Backcountry.com honored by PC Mag
There are thousands of online businesses in the United States. The editors of PC Magazine set a goal to whittle the list down to the 20 best, but they didn’t plan do it alone.
Employees of the magazine scoured the net to find their favorites, but they also used nominations from readers. After what Senior Editor Sebastian Rupley called "countless hours," the deed was done, and one of the 20 businesses left standing was a Park City original.
In their Oct. 17 issue, PC Magazine will name Backcountry.com, which has its corporate offices in Redstone Shopping Center above Bed, Bath & Beyond, as one of the top, small, online businesses in the country.
"There are 20 small business we sorted from thousands and Backcountry.com was one of them," Rupley said. "I believe they were nominated by someone in the local area, but I’m not positive. We checked them out, and they were exactly what we were looking for."
Rupley said the growth rate at the company was one of the things that caught his eye.
"They have under 250 employees and their rate of growth was striking," he said. "They have a rate of growth of over 250 percent, I think, which is more than they can probably handle, but somehow they get it done."
As they looked for businesses to honor, Rupley said the main component they were investigating was each company’s use of technology. That, Rupley continued, was where backcountry.com shined like a laserlight.
"For the story we were really looking for innovative use of technology and Backcountry has a Web site that makes it easy to buy outdoor gear without having to go out to a store," he said. "It’s an efficient site that runs very smoothly. If you’re going to do business online, you have to replicate the ease of shopping in a store in an online forum, and they do that very well."
Rupley said that many of the other hyper-successful online business were simply spin-offs of an existing technology, such as a company that uses an already successful site like Ebay. Others, he said, find a niche and run with it, such as yoyonation.com, a company that sells everything imaginable associated with yo-yos.
"We launched it because small business are one of the fastest growing business categories there’s a lot of interesting action there," he said. "This is the first generation of this but we are planning on doing it every year. Another nomination form will go up on our site soon."
Jim Holland, CEO of Backcountry.com, said he hopes the success continues.
"It’s always nice to get some recognition," he said. "We work pretty hard and it feels good to be recognized. It’s refreshing to hear that other people think we’re doing some things right, especially PC Magazine. They’re in the know."

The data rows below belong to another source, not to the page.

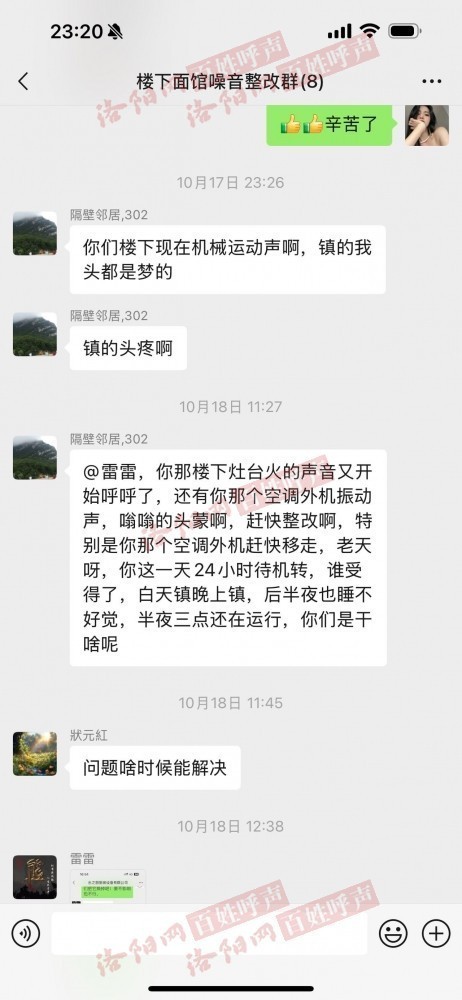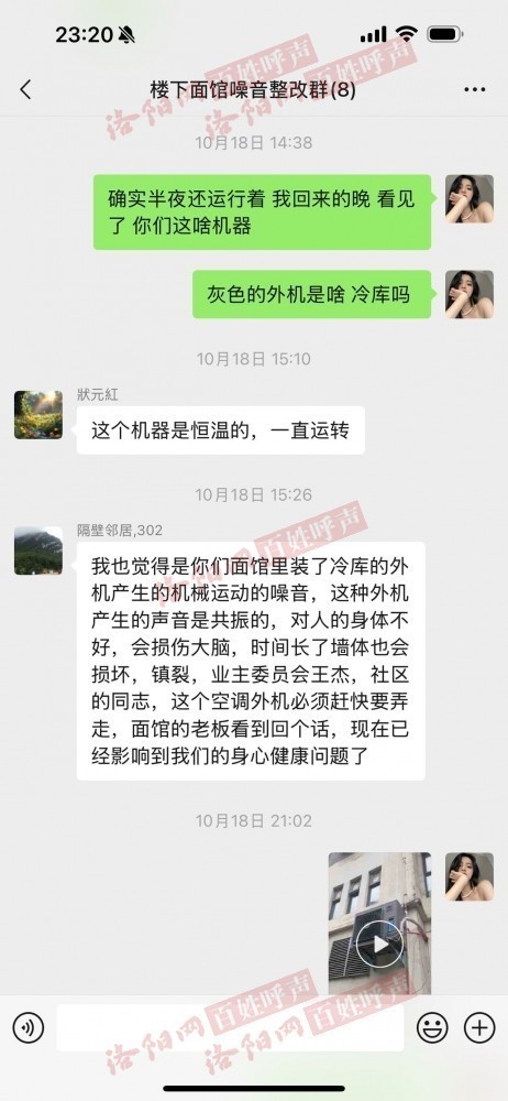 这家店从八月份周六周末违规装修,不听劝说,不了了之,业主熬到十月7日开业外边的空调机器噪音太强,八台空调外机加上私自建设冷库违规,导致墙体共振,业主无法休息,晚上拉桌子凳子声音频繁,多次和物业还有委员会沟通协商,店主同意整改,但是整改的不到位,仍有噪音,从十月以来多家业主去投诉,他们扔拖拖拉拉,每次群里说这个事情都是在深夜,有更多的聊天记录可提供给领导查看,希望有关部门严查,直接联系业主委员会,联系我们业主,把不合规的东西全部拆掉,还业主个安静的休息空间,我们这栋楼有年龄大的老人,还有有孕的妇女,都需要安静的空间,已经有老人去医院查身体,身体已经出现了毛病,本次投诉,均由多家业主共同参与,希望各部门领导重视,还我们个公道。
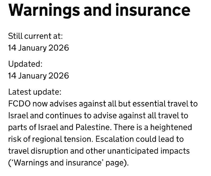 🇬🇧❌🇮🇱 — The British Foreign Office advises its citizens to avoid all non-essential travel to Israel: “There is a heightened risk of regional tensions. Escalation could lead to travel disruption and other unanticipated impacts”. View Source
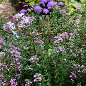 コモンタイム 花壇に植えたタイムのお花が咲き始めました🌸 小さなピンク色のお花が素朴な感じで可愛い💕
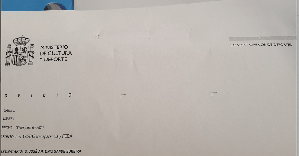 Acabo de llegar a casa y me he encontrado en el buzón la contestación al CSD sobre mis dudas de si la FEDA está sujeta a la Ley de Transparencia, de si debe cumplir la Ley de Contratos del Sector Público (Convenio Hotel Salobreña) y si debe responder a las dudas de sus federados sobre su cumplimiento.
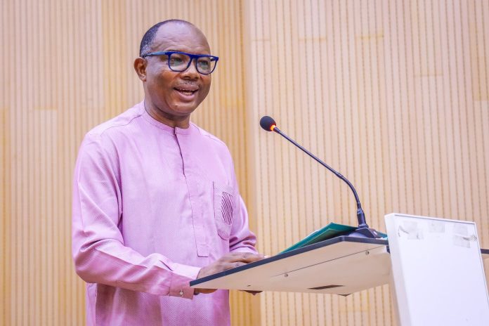 Representative of DG NITDA, Kashifu Inuwa Abdullahi, Dr Aristotle Onumo, delivering DG speech at the Principal Stakeholders Forum 2025 themed: “Aligning Perspectives, Building Synergies: Forging a Unified IT Ecosystem for National Growth” which held on Tuesday, 30TH Sept 2025
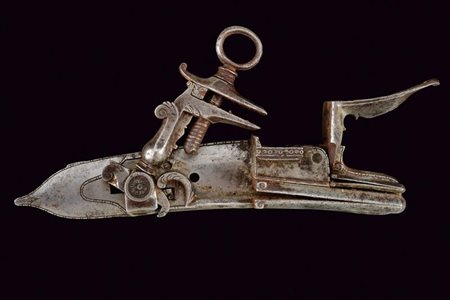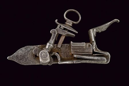 Lotto 5 Piccola batteria a pietra alla fiorentina, datazione: XVIII Secolo provenienza: Area Tosco-Emiliana, Cartella lievemente tondeggiante con margine a lista ribassata. Cane con vite del morsetto e ganascia superiore mancanti. Martellina con collo intagliato a ricci. Piccole incisioni a foglie sul lato anteriore e su parte della meccanica interna. lunghezza plate 8,7 cm.
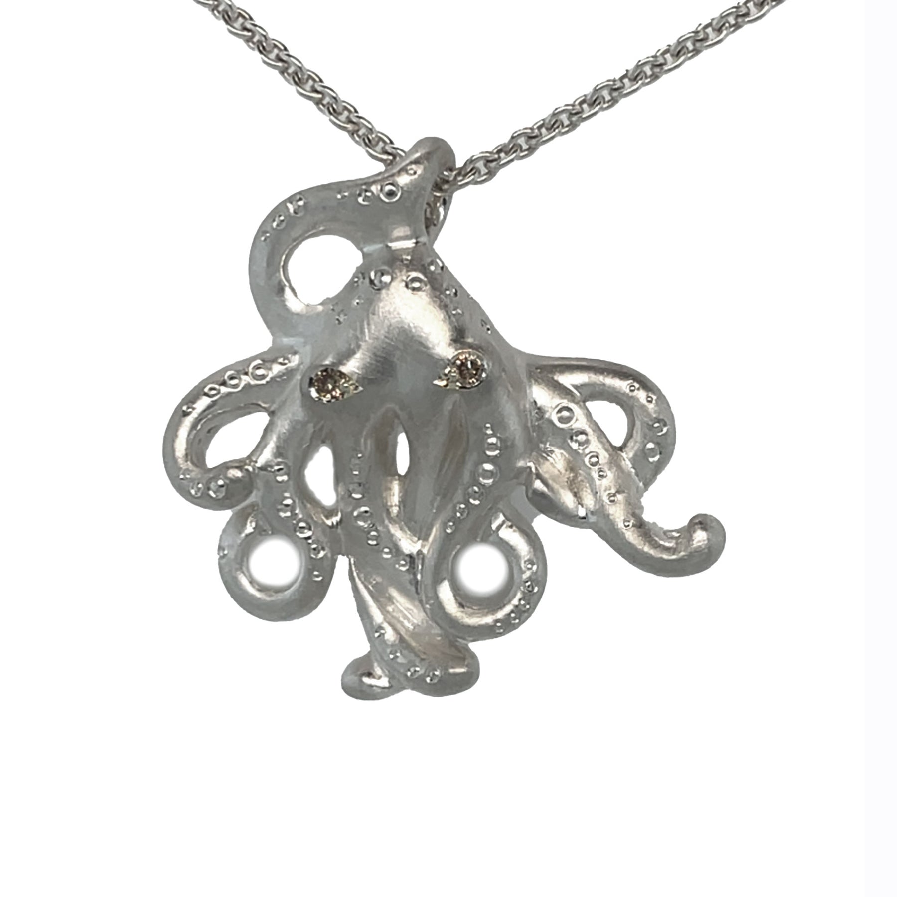 Bei dem Schmuckstück handelt es sich um einen in Handarbeit gefertigten Anhänger "Krake Pablo" aus 925 Silber mit zwei champagnerfarbenen Brillanten, zusammen ca. 0,02 ct mit kleinen Einschlüssen (C2/si), aus eigener Werkstatt. Der Anhänger hat eine Höhe von 30 mm und eine Breite von 31 mm.
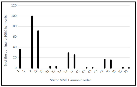 The FFT analysis of the MMF is shown in Figure 8. As the winding is composed by an elementary section that repeats identically two times, the first significant MMF harmonic has four semiperiods in the airgap. However, the winding provides two significant dominant harmonics (i.e., the 10th and the 14th bars in Figure 8), which are exploited to provide the torque.
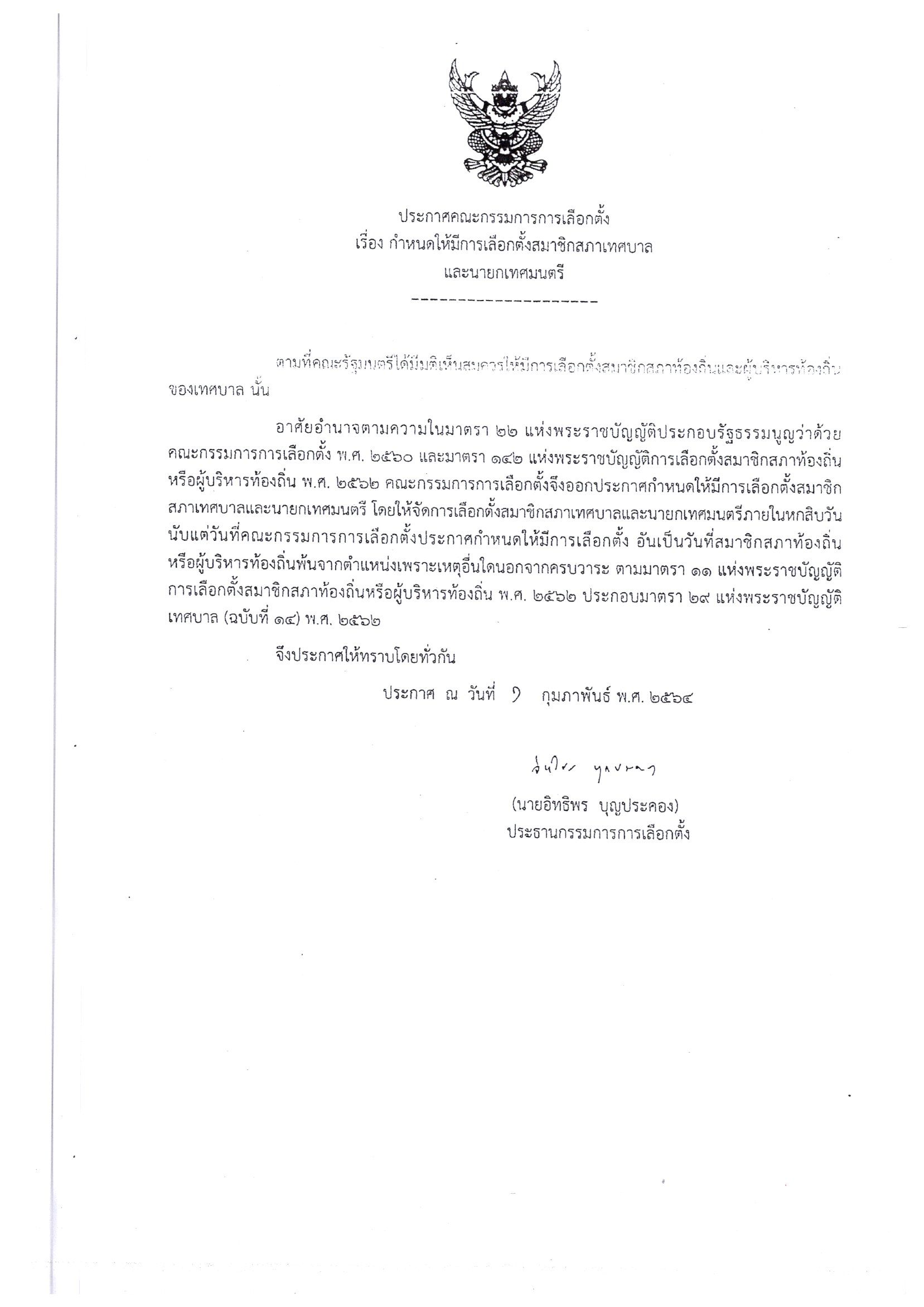 ประชาสัมพันธ์ ประกาศคณะกรรมการการเลือกตั้ง เรื่อง กำหนดให้มีการเลือกตั้งสมาชิกสภาเทศบาลและนายกเทศมนตรี

Holland said one of the reasons for their success is their ingenuity with online forums. Backcountry.com is the parent site for four others: Dogfunk.com (snowboarding specialty), Tramdock.com ("all things skiing"), Backcountryoutlet.com ("spotty sizes, but the best prices") and Steepandcheap.com ("The QVC model for gear").
"We started running niche focus sites about 2 years ago and we fill all those orders out of our Salt Lake warehouse," he said. "It’s always our goal to create as frictionless anexperience as possible," Holland said. "That’s what E-commerce is all about making the navigation intuitive. We want it something that anyone, even my grandmother, could figure out. But there is improvement to be made."
He said the company’s high rate of growth is a challenge, but a welcome one.
"Managing this rate of growth is very challenging," he said. "We grow out of physical facilities very fast. But I think we’ve mapped out the future pretty well now."
Holland said the company originally came to Park City for the same reason most people and business come the outdoor lifestyle.
"John [Bresee, Backcountry.com president] and I were attracted to Park City because of all the recreational activities available here. It makes it easier for us to find excellent people because people who are attracted to this sort of thing are in Park City already."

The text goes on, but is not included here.